Back in January, Apple CEO Steve Jobs referred to the iPhone as the company’s “best iPod ever,” and as it turned out, he’s still right: other than capacity differences and its restricted video-out functionality, there’s nothing the iPod touch has that iPhone lacks in the iPod department. Featuring the same audio (MP3, AAC, WAV, Audible, Apple Lossless) and video (MP4/H.264) format support as iPod classic and nano 3G, iPod touch’s major step forward over past iPods is the media interface it borrows from iPhone, with the following key features.

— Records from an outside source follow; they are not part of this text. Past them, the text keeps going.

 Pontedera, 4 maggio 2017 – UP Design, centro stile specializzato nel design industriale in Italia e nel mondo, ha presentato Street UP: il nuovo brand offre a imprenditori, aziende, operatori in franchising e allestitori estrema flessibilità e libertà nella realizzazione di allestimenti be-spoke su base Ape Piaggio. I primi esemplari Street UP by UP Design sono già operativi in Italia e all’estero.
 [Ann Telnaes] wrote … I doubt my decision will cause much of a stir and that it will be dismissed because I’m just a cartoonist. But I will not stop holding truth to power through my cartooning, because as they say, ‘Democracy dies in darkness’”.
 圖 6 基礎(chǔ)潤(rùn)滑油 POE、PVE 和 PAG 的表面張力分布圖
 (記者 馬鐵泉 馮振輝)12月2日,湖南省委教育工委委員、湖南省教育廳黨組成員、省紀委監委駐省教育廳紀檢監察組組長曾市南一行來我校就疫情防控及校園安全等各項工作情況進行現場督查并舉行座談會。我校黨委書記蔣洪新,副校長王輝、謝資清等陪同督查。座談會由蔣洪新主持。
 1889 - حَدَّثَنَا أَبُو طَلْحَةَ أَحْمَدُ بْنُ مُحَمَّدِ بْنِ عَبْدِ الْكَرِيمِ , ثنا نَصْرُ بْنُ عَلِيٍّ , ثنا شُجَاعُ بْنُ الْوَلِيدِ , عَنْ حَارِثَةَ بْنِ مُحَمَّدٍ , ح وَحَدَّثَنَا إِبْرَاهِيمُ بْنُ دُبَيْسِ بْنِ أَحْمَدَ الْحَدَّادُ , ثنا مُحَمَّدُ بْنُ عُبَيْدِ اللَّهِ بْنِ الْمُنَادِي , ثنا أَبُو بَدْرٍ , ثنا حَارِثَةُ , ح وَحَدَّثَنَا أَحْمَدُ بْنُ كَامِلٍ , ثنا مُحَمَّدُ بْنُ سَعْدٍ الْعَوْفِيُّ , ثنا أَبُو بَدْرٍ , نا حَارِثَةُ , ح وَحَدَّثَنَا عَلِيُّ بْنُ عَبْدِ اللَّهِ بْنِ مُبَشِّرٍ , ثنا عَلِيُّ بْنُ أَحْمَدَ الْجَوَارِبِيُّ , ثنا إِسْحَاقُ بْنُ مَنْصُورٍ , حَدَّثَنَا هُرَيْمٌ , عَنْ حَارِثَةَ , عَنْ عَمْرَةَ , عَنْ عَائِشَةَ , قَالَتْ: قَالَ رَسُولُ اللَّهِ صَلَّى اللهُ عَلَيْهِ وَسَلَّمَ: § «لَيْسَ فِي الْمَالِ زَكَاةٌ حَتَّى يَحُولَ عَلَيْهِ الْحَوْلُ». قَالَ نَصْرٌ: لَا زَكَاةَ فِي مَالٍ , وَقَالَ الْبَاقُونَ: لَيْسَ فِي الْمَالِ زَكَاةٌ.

The new Now Playing screen: Populated with roughly 320x320-pixel album art in the center, iPod touch makes the simple act of listening to music more visual than ever. Track, play/pause, and volume controls appear at the bottom of the screen, with artist, song, and album details in small text above the artwork. Tapping once brings up a scrubber to change your position in the song, plus shuffle and repeat icons; tapping twice flips over the album cover to show stars for rating the track, and other song titles from the album that can be selected non-sequentially.

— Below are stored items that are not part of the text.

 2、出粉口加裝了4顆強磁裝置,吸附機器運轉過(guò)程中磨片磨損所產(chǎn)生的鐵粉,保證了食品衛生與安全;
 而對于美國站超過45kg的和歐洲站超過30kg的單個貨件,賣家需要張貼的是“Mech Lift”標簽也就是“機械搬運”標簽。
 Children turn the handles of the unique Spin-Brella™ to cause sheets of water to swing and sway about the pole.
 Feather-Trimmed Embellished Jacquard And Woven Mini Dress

Cover Flow: In addition to iPod-style scrolling lists of names and titles that can be accessed with flicks or drags of your finger against the screen, turning iPod touch on its side brings up album covers for individual songs that can be scrolled through and selected at will. This mode, Cover Flow, is a much-improved version of the same-named feature built into iTunes, and works just like the iPhone.

The only conspicuously absent iPod classic/nano feature from iPod touch is, ironically, search: even with the ability to call up an on-screen keyboard in other iPod touch applications, you can’t type in letters to find related media content on the device. Part of this is because touch’s scrolling audio lists have alphabetical letters on their right sides, enabling you to point to any letter and arrive there instantly, and part of it is likely because the device’s limited storage capacity—like iPhone—doesn’t leave as much room for long lists of music if you’ve stored videos and photos on board, too. Still, some people might like a cross-media search feature, particularly one that could save results as bookmarks for later reference.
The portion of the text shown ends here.